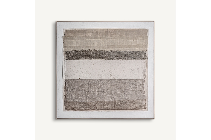 Cuadro Bavois de estilo contemporáneo, fabricado en lienzo en color blanco roto, combinado con madera de pino en color marrón claro en color tonos en marrón.
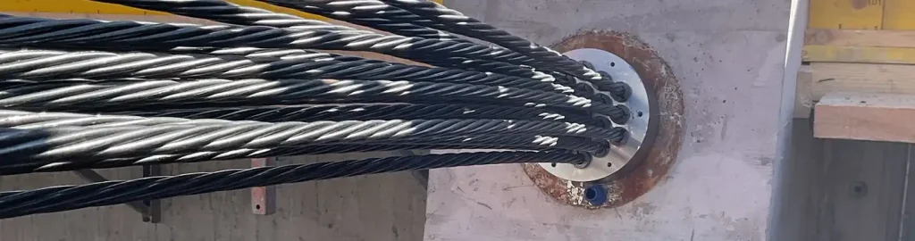 Die Flachspannglieder werden idealerweise mit den CMI-Verankerungen kombiniert. Damit kann die gleichmässige Vorspannung im Spannglied gewährleistet werden. Auf Anfrage können Flachspannglieder bis 0506 auch mit einer Fächerverankerung (CMF) kombiniert werden. Bei der CMF-Verankerung wird jede Litze mit der Monolitzenpresse einzeln vorgespannt.
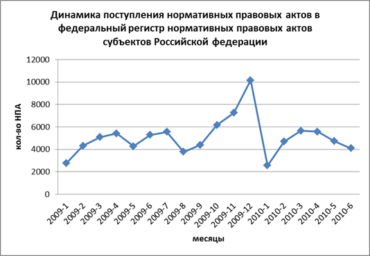 В настоящее время объем ежемесячных поступлений нормативных правовых актов в федеральный регистр нормативных правовых актов субъектов Российской Федерации составляет 4–8 тыс. актов. Такой объем поступлений наблюдается в 2009–2010 годах. На рис. 1 представлена динамика поступлений по месяцам с января 2009 по июнь 2010 года по дате принятия нормативного правового акта.
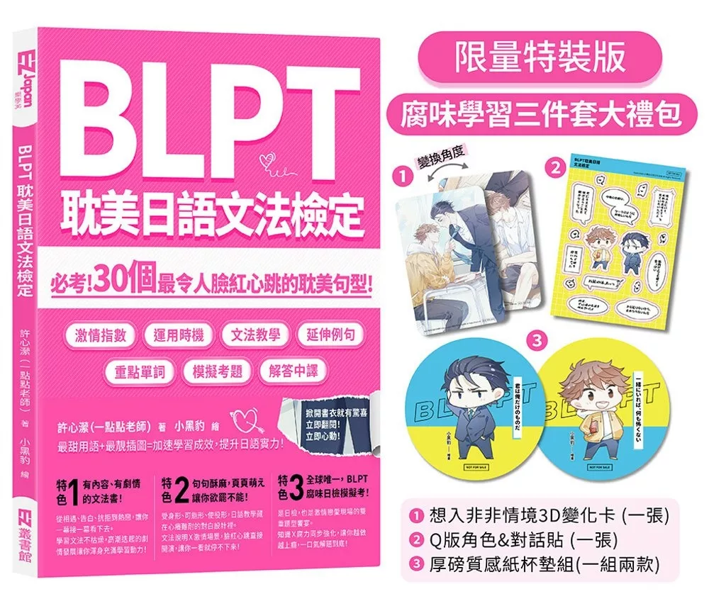 只要你願意進入BLPT 耽美日語檢定的世界,你就會發現,學習日語,原來也可以這麼酥麻、這麼歡快、這麼美好......因為,這是全世界最甜、最腐,也最有效的日語檢定書——獻給因愛發電、為腐而學的你。?
========
EXERCISE PROMPT: Please print the data above in its entirety, exactly, but without any picture.

FINISHED TASK:
 Cuadro Bavois de estilo contemporáneo, fabricado en lienzo en color blanco roto, combinado con madera de pino en color marrón claro en color tonos en marrón.
 Die Flachspannglieder werden idealerweise mit den CMI-Verankerungen kombiniert. Damit kann die gleichmässige Vorspannung im Spannglied gewährleistet werden. Auf Anfrage können Flachspannglieder bis 0506 auch mit einer Fächerverankerung (CMF) kombiniert werden. Bei der CMF-Verankerung wird jede Litze mit der Monolitzenpresse einzeln vorgespannt.
 В настоящее время объем ежемесячных поступлений нормативных правовых актов в федеральный регистр нормативных правовых актов субъектов Российской Федерации составляет 4–8 тыс. актов. Такой объем поступлений наблюдается в 2009–2010 годах. На рис. 1 представлена динамика поступлений по месяцам с января 2009 по июнь 2010 года по дате принятия нормативного правового акта.
 只要你願意進入BLPT 耽美日語檢定的世界,你就會發現,學習日語,原來也可以這麼酥麻、這麼歡快、這麼美好......因為,這是全世界最甜、最腐,也最有效的日語檢定書——獻給因愛發電、為腐而學的你。?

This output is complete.